Читаем Моя любовь полностью

А как‑то раз я познакомилась с человеком, который назвал себя одним из руководителей Мосэнерго. Видный мужчина со вторым подбородком и заметным брюшком. Он пригласил меня посмотреть на работу своего ведомства почему- то в воскресенье. «Посторонние не смогут нам помешать», — объяснил он. Да, действительно, кое‑что он показал, а затем пригласил меня в свой кабинет, неслышно запер дверь и резко повалил на пол. И тут… я на всю жизнь поняла, что один на один никакой мужчина с женщиной не справится, если она того не захочет. Я так отчаянно сопротивлялась, так орала, так дралась, что мой незадачливый соблазнитель вынужден был отступить.

А таки начальников продолжались. Как‑то раз меня вызывает секретарша и говорит, что директор едет в Авиационный институт и может меня подвезти. Для меня это было то же самое, как если бы сейчас мне сказали, что Путин предложил мне свой автомобиль. По дороге директор — он сам был за рулем своей роскошной машины — стал рассказывать мне всякие похабные истории. Я кричу:

— Замолчите, я прошу вас не говорить этого!

Он продолжает, а со мной уже истерика. Я выскочила из машины, трясясь от плача…
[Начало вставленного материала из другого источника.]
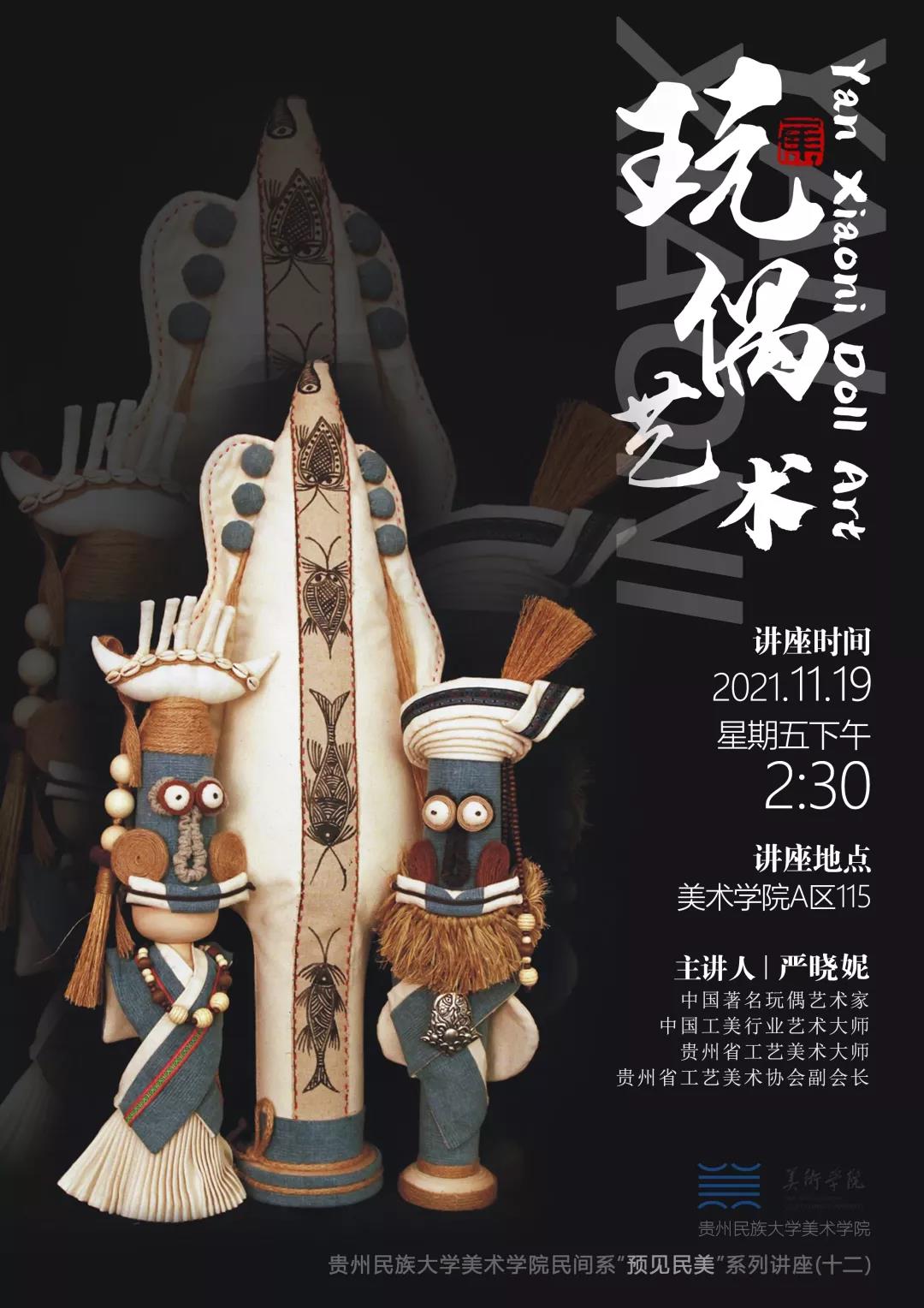 嚴老師講述了自己的工作經歷與創作生涯。她的作品從民族娃娃到圖騰娃娃系列,從彩妝、棒棒糖到貴州故事系列,從大荒——巖畫娃娃系列到亞魯王和黔山海經系列,無不精美。她的整個創作歷程演繹了一個手工藝人的傳奇人生,她的玩偶藝術創作從未停止……
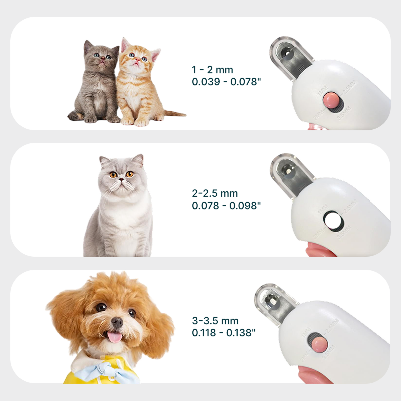 Choose the best size for every paw, large or tiny. One tool works for kittens, puppies, and all breeds.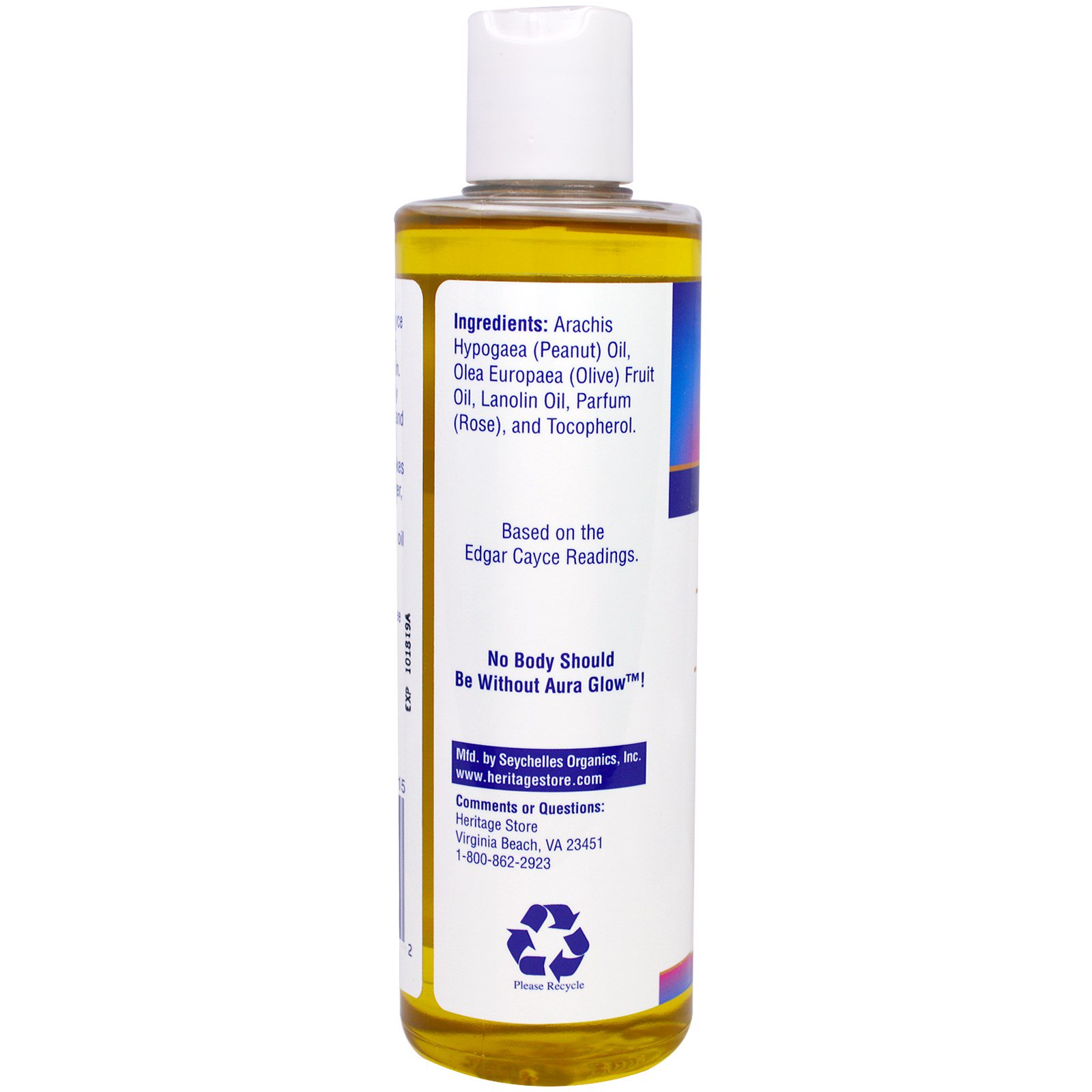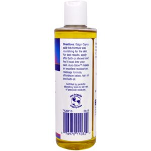 Edgar Cayce disse que esta fórmula era nutritiva para a pele. Para obter os melhores resultados, aplique o Aura Glow após o banho e sinta a pele absorvê-lo. O Aura Glow é um excelente hidratante, fórmula para massagem, loção pós-barba, óleo capilar e óleo de banho.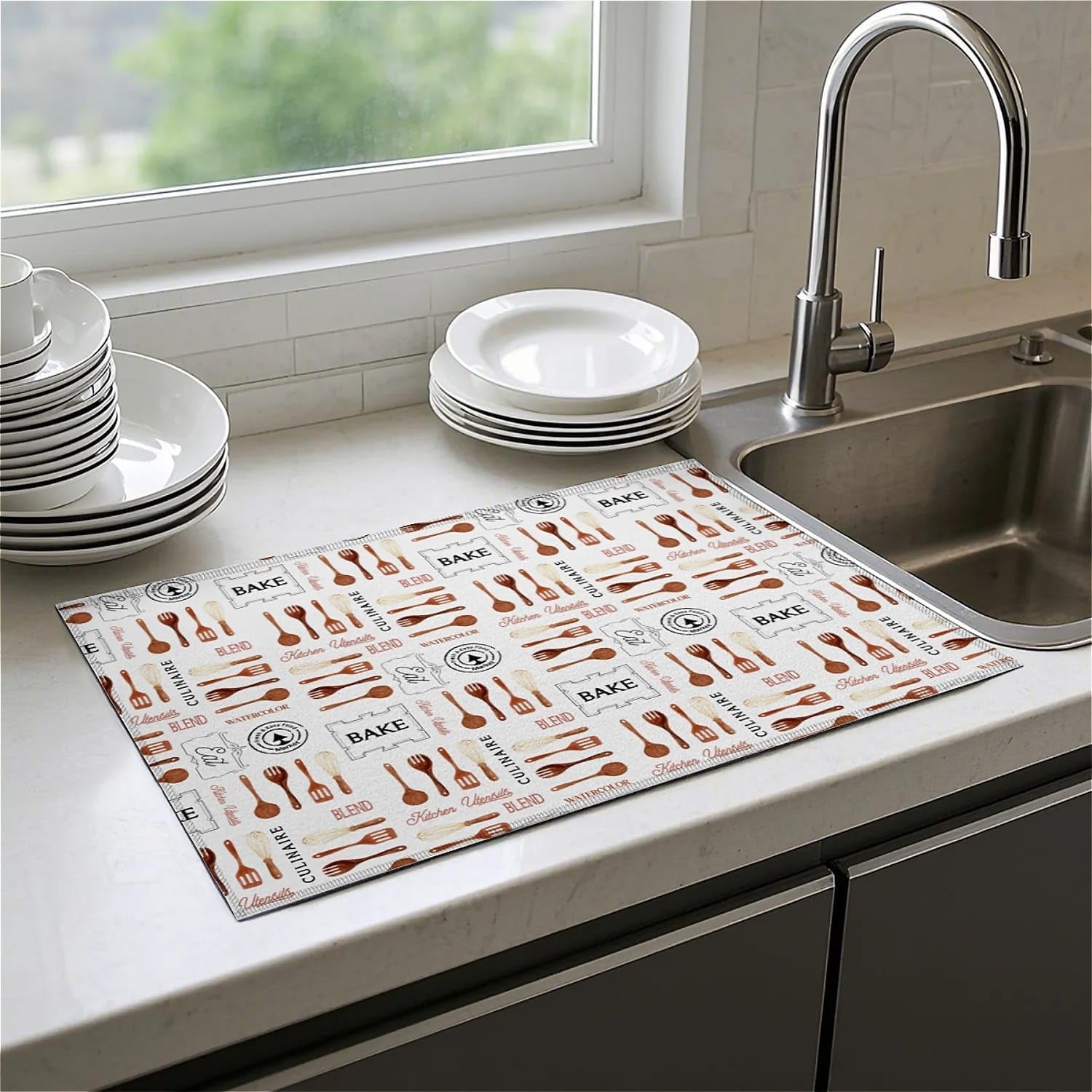 - 【Lovely Home Gift】This beautiful decorative dish drying mat for kitchen countertops will surprise your family and friends, a perfect housewarming gift for a new home or renovation, and a perfect gift for Christmas, Mother's Day, birthdays, Thanksgiving, and various other occasions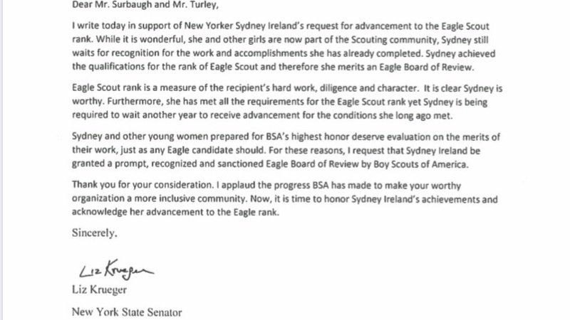 Senator Liz Krueger calls on Boy Scout President, former Ernst & Young CEO Jim Turley, to recognize Sydney’s work and award her the Eagle Rank. Senator Krueger says about Sydney, “(S)he has met all the requirements for the Eagle Scout rank yet Sydney is being required to wait another year to receive advancement for conditions she long ago met...Sydney and other young women prepared for BSA’s highest honor and deserve evaluation on the merits their work, just as any Eagle candidate should.” It was President Turley who personally told Sydney about the discriminatory Boy Scout policy: that for no reason other than she is a girl, Sydney and other young women will have to wait another year to earn the highest award in Scouting, the Eagle Rank.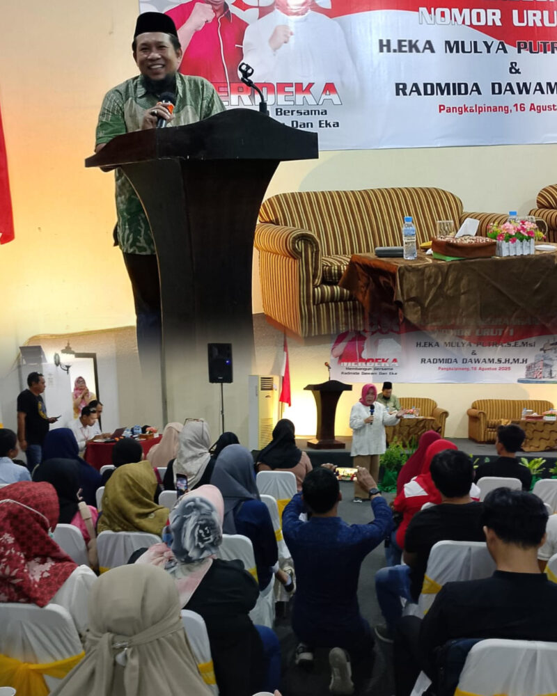 Koran Sakti.co.id, Pangkalpinang– Pasangan calon independen *Merdeka* (Membangun bersama Radmida Dawam dan Eka Mulia Putra) terus mematangkan strategi jelang Pemilihan Kepala Daerah (Pilkada) ulang Kota Pangkalpinang 2025. Sabtu (16/8/2025).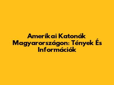 Amerikai Katonák Magyarországon: Tények És Információk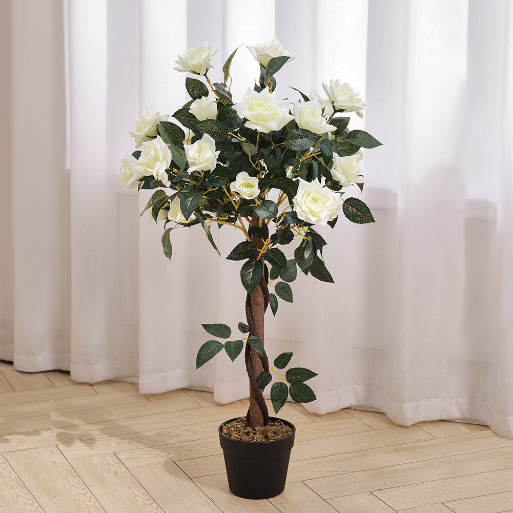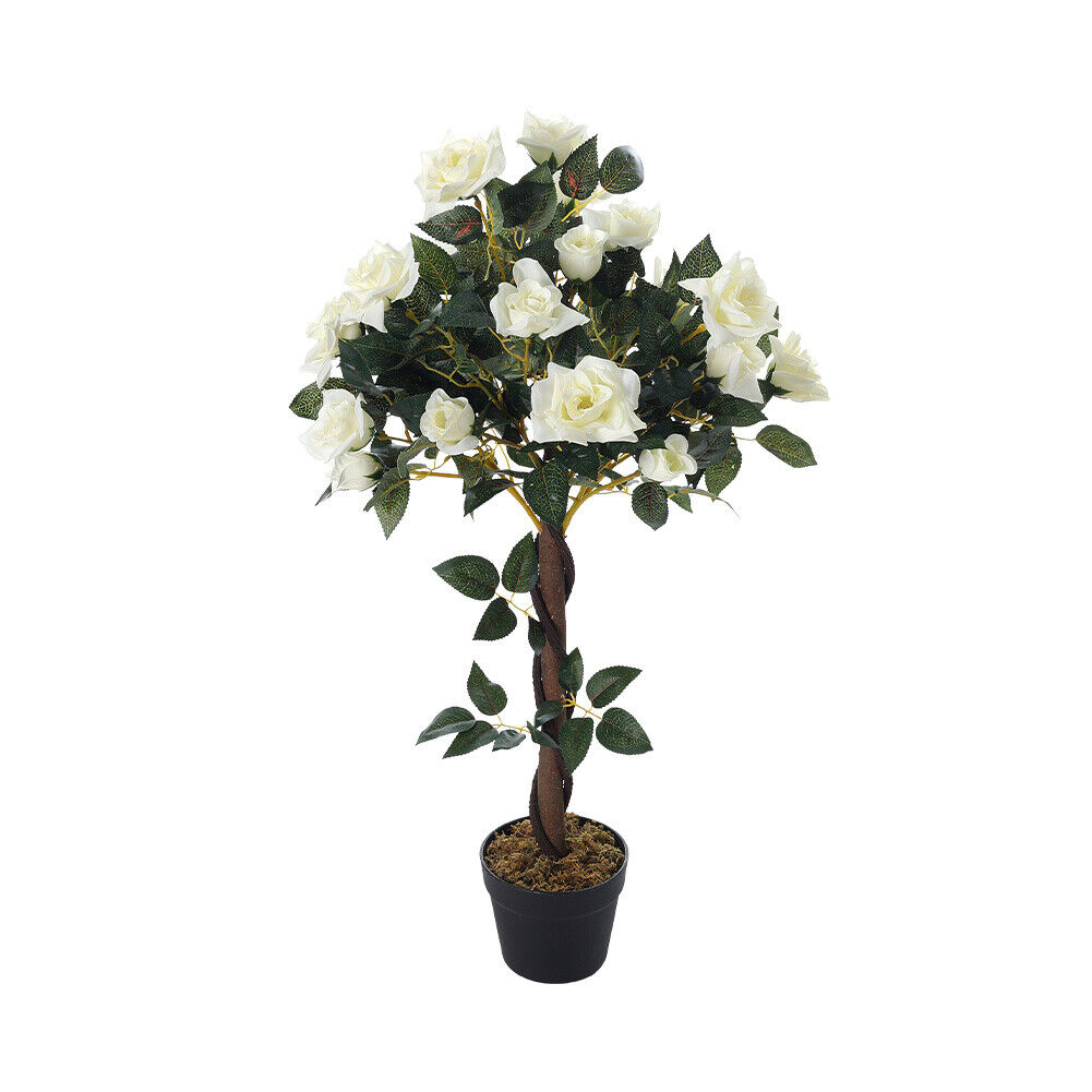 Large Artificial White Rose Tree in Pot Flower Plant Outdoor Home Office Decor

Днем работала, вечером училась. Как раз в то время институт переехал с Тверской — Ямской в новое здание на Ленинградском шоссе. У нас на курсе было только четыре или пять девочек, остальные мальчики. Училась я довольно успешно, лучше, чем в школе и техникуме. Много у меня было казусов в институте. Я как‑то засунула палец в одну деталь, а вытащить не могу, профессор разгневался, кричит: «Выйдите вон!» А я: «Не могу, у меня винт на пальце».

Я ходила в музеи, театры, каталась на лыжах, играла в теннис, все успевала. Такое впечатление, что сутки тогда были длиннее. И вдруг несчастье. Кончается рабочий день, а мне говорят:

— Сейчас вы поедете не домой, а с нами, на Лубянку.

Сажают меня в машину и увозят.

— В чем дело?

— В вашей папке не хватает двух совершенно секретных документов. Будем выяснять, что произошло.

Я онемела от страха. Меня отвезли на Малую Лубянку, на второй этаж, в белую комнату с железной кроватью и столом.

Спрашиваю:

— Сколько же я буду здесь? Как мне сообщить домой?

— Мы сообщим.

Я не знала, как это могло случиться и чем это кончится. Прошло два с половиной дня, наконец ко мне пришли и сказали:

— Можете идти, документы нашлись.

Меня, конечно, после этого уволили, да не просто: началась кампания по выдвижению молодых специалистов на руководящие должности. И меня выдвинули. Мой портрет в стенгазете, первый раз в жизни. Меня назначают на завод № 2 начальником статистического управления. Завод делал пропеллеры и еще какие‑то деревянные детали. Я — начальник, по — прежнему считаю на арифмометре и кем‑то руковожу.

Жизнь налаживалась. В свободное время я ходила с друзьями на лыжах. Как‑то раз во время прогулки мы встретили в лесу группу молодых людей, раскланялись, пошутили, посмеялись и пошли дальше. Среди них был один — молодой, высокий, красивый, — он так ладно шел на лыжах. Я обернулась, и он обернулся. Потом я еще прошла, снова оглянув лась, и он оглянулся. Его и мои друзья пошли вперед, а мы остановились. Нам кричали, мы не откликались. Домой мы возвратились вместе.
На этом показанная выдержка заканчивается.